A common mutational pattern in Cockayne syndrome patients from xeroderma pigmentosum group G: implications for a second XPG function.

Xeroderma pigmentosum (XP) patients have defects in nucleotide excision repair (NER), the versatile repair pathway that removes UV-induced damage and other bulky DNA adducts. Patients with Cockayne syndrome (CS), another rare sun-sensitive disorder, are specifically defective in the preferential removal of damage from the transcribed strand of active genes, a process known as transcription-coupled repair. These two disorders are usually clinically and genetically distinct, but complementation analyses have assigned a few CS patients to the rare XP groups B, D, or G. The XPG gene encodes a structure-specific endonuclease that nicks damaged DNA 3' to the lesion during NER. Here we show that three XPG/CS patients had mutations that would produce severely truncated XPG proteins.
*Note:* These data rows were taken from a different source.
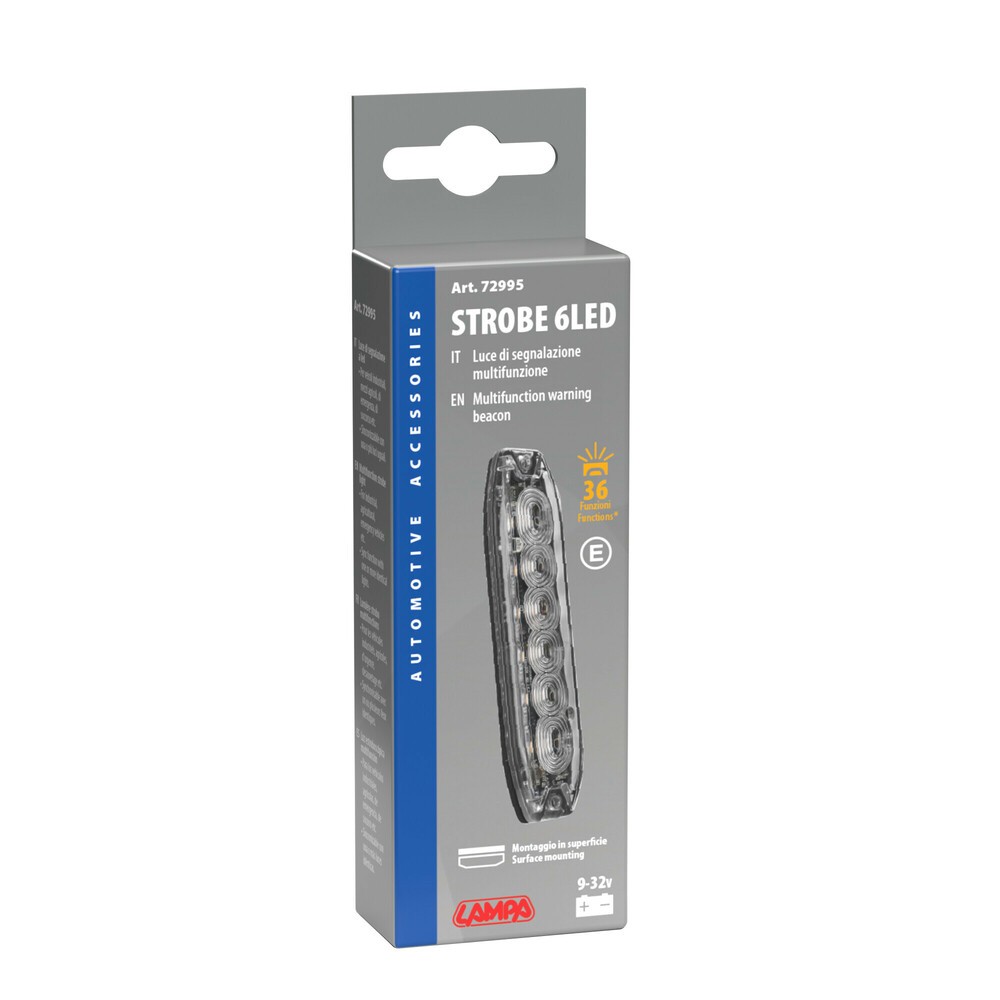 Luce strobo multifunzione a 6 Led, 12/24V. Per veicoli industriali, mezzi agricoli, di emergenza, di soccorso... Sincronizzabile con una o piu' luci dello stesso modello. Corpo in alluminio. Ultra sottile: 10 mm. Guarnizione e viti di fissaggio incluse. Impermeabile IP67.
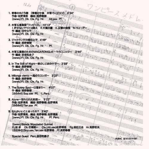 サックス&ピアノのデュオ(さのみの)による オリジナル作品を間に加え、 このアルバムのためにアレンジしていただいた 作曲家田中公平氏の 「木管五重奏版『ワンピース』」 宮前知永子氏の 「木管五重奏のためのMACARONIQUE 〜マカロニック〜」 など、これまでにない“新しい風”を表現した アルバムです。 決して多くはない木管五重奏のレパートリーに も新しいサウンド(風)を吹き込むことができ たのではないかと思います。
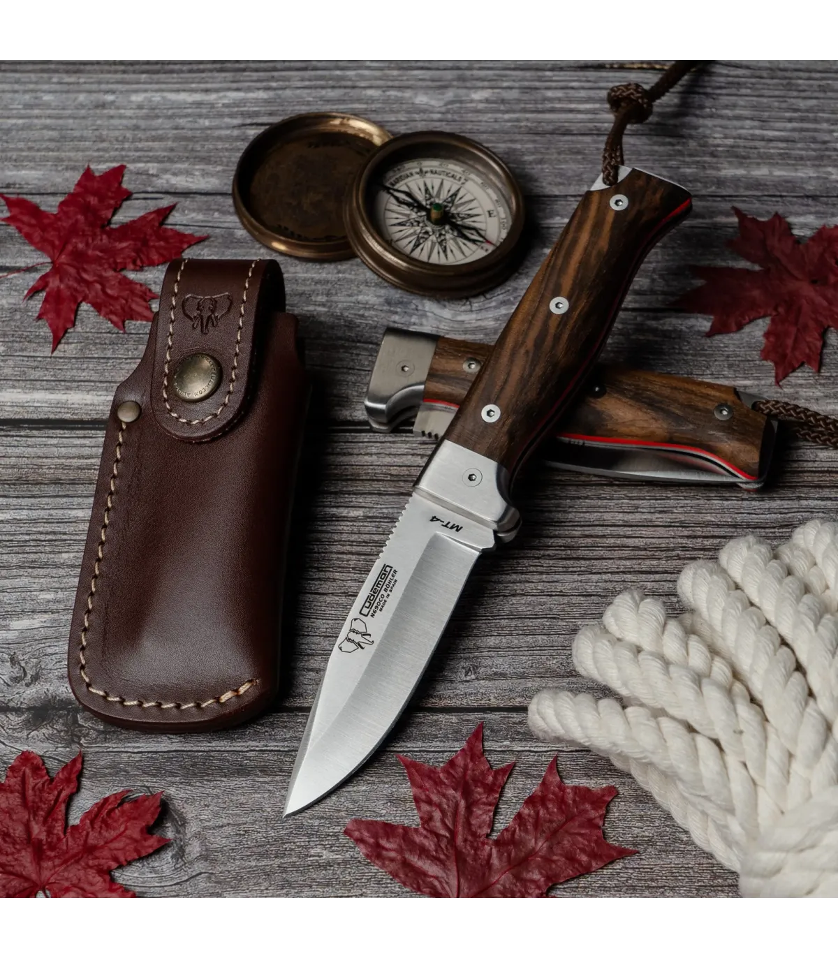 Il manico in noce satinato con separatore rosso non solo offre una presa ergonomica e comoda, ma aggiunge anche un tocco di eleganza al tuo equipaggiamento. Inoltre, il coltello MT-4 viene fornito con una fondina in pelle marrone, che lo protegge dagli agenti atmosferici e facilita il trasporto in modo sicuro.
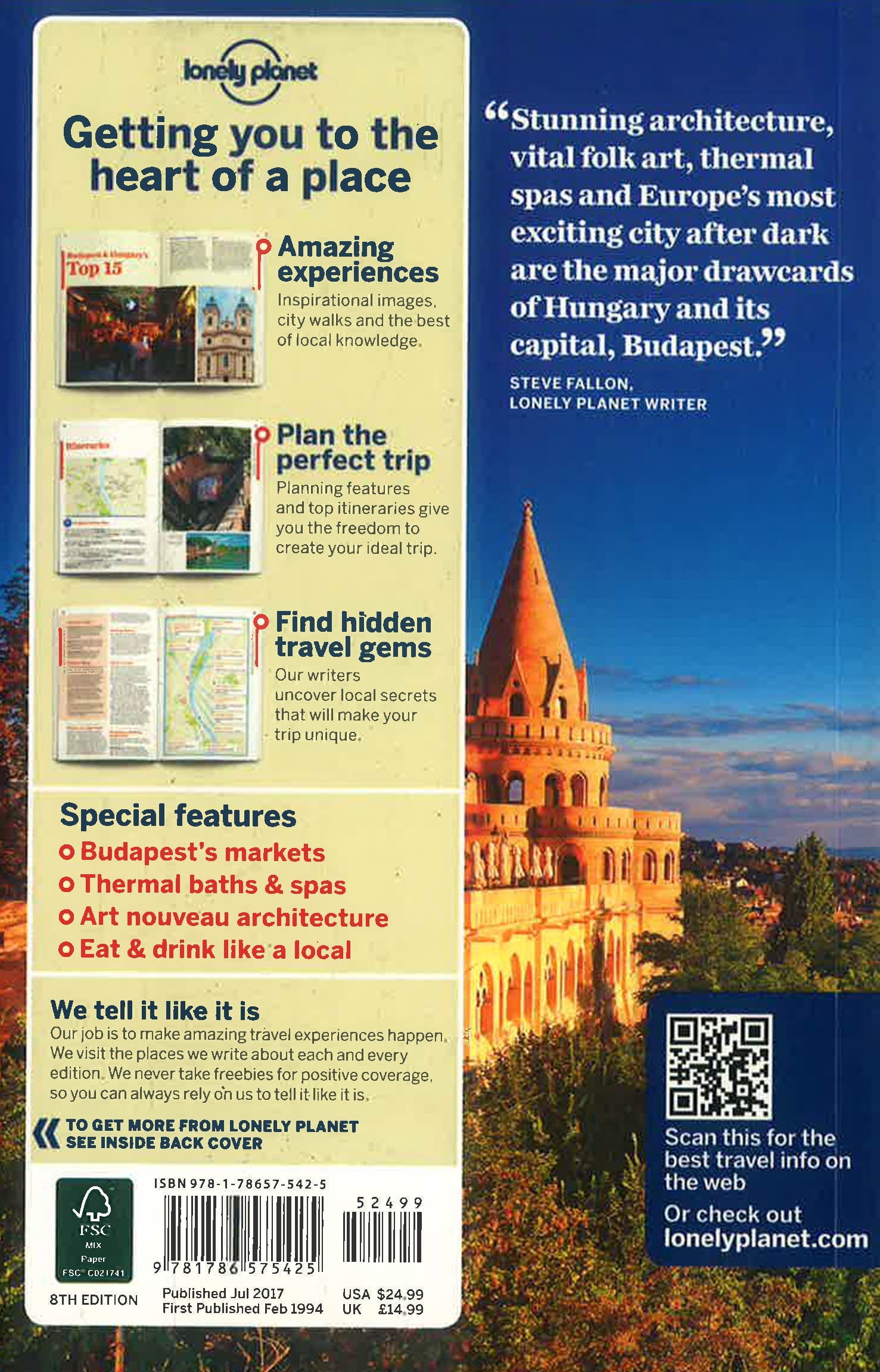Lonely Planet: The world's leading travel guide publisher Lonely Planet Budapest & Hungary is your passport to all the most relevant and up-to-date advice on what to see, what to skip, and what hidden discoveries await you. Ogle sinuous Art Nouveau architecture in Budapest, take a cruise along the blue Danube, or see the dust fly at a cowboy show -all with your trusted travel companion. Get to the heart of Hungary and begin your journey now! Inside Lonely Planet's Budapest & Hungary Travel Guide: Colour maps and images throughout Highlights and itineraries show you the simplest way to tailor your trip to your own personal needs and interests Insider tips save you time and money, and help you get around like a local, avoiding crowds and trouble spots Essential info at your fingertips - including hours of operation, phone numbers, websites, transit tips, and prices Honest reviews for all budgets - including eating, sleeping, sight-seeing, going out, shopping, and hidden gems that most guidebooks miss Cultural insights give you a richer and more rewarding travel experience - including history, architecture, painting, folk art, music, literature, etiquette, religion, landscapes, wildlife, wine, cuisine, and more. Free, convenient pull-out Budapest map (included in print version), plus over 40 maps Useful features - including First Time Hungary, Eat & Drink Like a Local and Month by Month (annual festival calendar) Coverage of Budapest, the Danube Bend, Lake Balaton, Szeged, Pecs, Sopron, Southern Transdanubia, the Great Plain, Western Transdanubia, Eger, Northern Uplands, Szentendre, Visegrad, Villany, and more. The Perfect Choice: Lonely Planet Budapest & Hungary, our most comprehensive guide to Hungary, is perfect for those planning to both explore the top sights and take the road less travelled. About Lonely Planet: Since 1973, Lonely Planet has become the world's leading travel media company with guidebooks to every destination, an award-winning website, mobile and digital travel products, and a dedicated traveller community. Lonely Planet covers must-see spots but also enables curious travellers to get off beaten paths to understand more of the culture of the places in which they find themselves. The world awaits! Lonely Planet guides have won the TripAdvisor Traveler's Choice Award in 2012, 2013, 2014, 2015, and 2016. 'Lonely Planet. It's on everyone's bookshelves, it's in every traveller's hands. It's on mobile phones. It's on the Internet. It's everywhere, and it's telling entire generations of people how to travel the world.' - Fairfax Media 'Lonely Planet guides are, quite simply, like no other.' - New York Times

In contrast, two sibling XPG patients without CS are able to make full-length XPG, but with a missense mutation that inactivates its function in NER. These results suggest that XPG/CS mutations abolish interactions required for a second important XPG function and that it is the loss of this second function that leads to the CS clinical phenotype.[1]

References

  1. A common mutational pattern in Cockayne syndrome patients from xeroderma pigmentosum group G: implications for a second XPG function. Nouspikel, T., Lalle, P., Leadon, S.A., Cooper, P.K., Clarkson, S.G. Proc. Natl. Acad. Sci. U.S.A. (1997) [Pubmed]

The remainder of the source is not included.